-- Input records follows --

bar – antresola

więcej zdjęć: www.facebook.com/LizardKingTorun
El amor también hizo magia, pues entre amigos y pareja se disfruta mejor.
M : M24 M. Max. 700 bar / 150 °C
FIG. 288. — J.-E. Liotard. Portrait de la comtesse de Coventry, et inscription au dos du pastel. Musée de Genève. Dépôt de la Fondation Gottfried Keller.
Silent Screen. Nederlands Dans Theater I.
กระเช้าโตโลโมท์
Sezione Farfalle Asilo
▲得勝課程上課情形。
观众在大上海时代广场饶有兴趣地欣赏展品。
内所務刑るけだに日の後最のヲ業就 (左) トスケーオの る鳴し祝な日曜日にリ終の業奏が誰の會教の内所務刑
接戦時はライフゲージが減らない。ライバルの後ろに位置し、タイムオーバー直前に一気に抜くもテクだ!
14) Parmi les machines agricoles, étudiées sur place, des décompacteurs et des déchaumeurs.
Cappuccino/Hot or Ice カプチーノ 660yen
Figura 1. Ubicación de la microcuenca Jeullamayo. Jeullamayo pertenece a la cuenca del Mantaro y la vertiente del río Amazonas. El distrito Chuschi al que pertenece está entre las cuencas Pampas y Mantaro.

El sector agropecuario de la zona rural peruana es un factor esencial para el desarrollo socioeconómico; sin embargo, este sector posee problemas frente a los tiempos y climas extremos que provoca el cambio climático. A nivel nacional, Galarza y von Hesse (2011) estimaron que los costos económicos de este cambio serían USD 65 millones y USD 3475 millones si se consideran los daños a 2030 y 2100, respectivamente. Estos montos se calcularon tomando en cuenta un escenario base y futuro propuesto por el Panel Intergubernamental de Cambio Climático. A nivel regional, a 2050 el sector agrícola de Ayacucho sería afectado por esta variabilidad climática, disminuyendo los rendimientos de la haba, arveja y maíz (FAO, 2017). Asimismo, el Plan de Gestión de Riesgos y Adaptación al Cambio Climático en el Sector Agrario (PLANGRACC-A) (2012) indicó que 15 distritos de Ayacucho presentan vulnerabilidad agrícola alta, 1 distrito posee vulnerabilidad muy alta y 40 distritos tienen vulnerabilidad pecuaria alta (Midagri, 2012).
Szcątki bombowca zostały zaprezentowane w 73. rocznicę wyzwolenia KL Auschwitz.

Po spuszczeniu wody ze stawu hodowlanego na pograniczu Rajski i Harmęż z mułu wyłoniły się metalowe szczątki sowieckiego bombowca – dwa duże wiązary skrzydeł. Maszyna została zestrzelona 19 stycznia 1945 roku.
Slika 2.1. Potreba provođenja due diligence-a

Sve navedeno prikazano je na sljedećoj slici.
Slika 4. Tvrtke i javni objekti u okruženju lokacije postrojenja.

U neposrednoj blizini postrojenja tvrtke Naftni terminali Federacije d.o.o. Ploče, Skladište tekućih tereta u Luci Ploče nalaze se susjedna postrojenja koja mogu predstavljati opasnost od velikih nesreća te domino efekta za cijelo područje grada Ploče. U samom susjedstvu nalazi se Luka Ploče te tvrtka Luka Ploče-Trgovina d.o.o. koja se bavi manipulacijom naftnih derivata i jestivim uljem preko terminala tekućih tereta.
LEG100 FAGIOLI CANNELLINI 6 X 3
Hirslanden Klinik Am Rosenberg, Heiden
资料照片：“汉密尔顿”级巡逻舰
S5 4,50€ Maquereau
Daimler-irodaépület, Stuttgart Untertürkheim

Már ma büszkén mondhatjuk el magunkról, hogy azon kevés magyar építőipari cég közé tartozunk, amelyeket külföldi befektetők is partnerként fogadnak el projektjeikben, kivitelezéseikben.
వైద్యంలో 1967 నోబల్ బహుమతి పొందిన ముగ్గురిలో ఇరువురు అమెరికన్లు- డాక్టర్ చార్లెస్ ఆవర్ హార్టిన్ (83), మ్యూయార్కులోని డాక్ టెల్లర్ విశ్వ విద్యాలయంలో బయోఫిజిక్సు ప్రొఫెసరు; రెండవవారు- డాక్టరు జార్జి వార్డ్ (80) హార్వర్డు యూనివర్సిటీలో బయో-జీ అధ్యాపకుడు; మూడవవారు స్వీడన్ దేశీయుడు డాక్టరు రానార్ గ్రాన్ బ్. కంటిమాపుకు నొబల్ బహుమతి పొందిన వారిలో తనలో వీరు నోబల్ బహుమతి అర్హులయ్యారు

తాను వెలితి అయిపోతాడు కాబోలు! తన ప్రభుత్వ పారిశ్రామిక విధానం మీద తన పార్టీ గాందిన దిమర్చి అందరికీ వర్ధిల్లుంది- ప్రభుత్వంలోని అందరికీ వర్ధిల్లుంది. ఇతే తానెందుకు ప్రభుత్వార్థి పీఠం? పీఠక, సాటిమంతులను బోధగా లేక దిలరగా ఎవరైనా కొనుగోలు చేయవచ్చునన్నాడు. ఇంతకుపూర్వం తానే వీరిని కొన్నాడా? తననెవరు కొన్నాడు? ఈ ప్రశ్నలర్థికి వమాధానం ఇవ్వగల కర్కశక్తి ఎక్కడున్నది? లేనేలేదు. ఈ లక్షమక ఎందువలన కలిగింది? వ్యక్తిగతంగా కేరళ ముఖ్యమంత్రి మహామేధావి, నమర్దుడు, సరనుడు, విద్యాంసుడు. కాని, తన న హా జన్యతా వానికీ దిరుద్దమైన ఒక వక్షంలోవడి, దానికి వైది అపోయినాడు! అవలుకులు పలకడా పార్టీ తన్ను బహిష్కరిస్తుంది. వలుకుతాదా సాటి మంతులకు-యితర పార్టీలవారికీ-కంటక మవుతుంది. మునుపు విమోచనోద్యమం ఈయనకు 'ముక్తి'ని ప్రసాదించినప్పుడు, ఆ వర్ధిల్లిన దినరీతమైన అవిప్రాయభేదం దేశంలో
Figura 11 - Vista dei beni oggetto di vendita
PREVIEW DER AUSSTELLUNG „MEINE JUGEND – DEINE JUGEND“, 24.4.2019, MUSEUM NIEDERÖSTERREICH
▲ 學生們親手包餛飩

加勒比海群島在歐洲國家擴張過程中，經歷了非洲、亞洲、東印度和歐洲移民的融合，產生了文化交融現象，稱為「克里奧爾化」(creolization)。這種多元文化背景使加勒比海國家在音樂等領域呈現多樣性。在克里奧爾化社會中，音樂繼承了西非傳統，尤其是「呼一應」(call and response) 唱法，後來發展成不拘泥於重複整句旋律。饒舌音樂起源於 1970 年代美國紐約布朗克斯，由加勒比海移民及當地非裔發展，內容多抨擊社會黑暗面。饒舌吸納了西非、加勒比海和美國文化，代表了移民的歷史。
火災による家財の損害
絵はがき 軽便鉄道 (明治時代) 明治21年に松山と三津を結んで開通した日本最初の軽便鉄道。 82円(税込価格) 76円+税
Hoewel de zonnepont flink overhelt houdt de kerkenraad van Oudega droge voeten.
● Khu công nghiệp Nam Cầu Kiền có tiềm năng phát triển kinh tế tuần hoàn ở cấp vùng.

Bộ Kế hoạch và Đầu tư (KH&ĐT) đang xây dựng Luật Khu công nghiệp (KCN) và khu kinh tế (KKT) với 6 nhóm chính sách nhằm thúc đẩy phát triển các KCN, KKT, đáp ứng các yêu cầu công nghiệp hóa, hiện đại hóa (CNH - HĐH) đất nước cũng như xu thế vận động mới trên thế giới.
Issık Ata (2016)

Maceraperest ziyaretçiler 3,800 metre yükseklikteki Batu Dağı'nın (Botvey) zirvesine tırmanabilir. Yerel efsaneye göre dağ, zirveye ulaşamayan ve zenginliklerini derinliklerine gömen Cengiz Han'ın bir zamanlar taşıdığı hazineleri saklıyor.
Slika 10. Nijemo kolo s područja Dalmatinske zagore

-- Input records concluded --

● Goal of the exercise
The span to give again runs from the line with "Maceraperest ziyaretçiler 3,800" through the last line of the records above; reproduce it exactly and nothing more.

● Answer
Maceraperest ziyaretçiler 3,800 metre yükseklikteki Batu Dağı'nın (Botvey) zirvesine tırmanabilir. Yerel efsaneye göre dağ, zirveye ulaşamayan ve zenginliklerini derinliklerine gömen Cengiz Han'ın bir zamanlar taşıdığı hazineleri saklıyor.
Slika 10. Nijemo kolo s područja Dalmatinske zagore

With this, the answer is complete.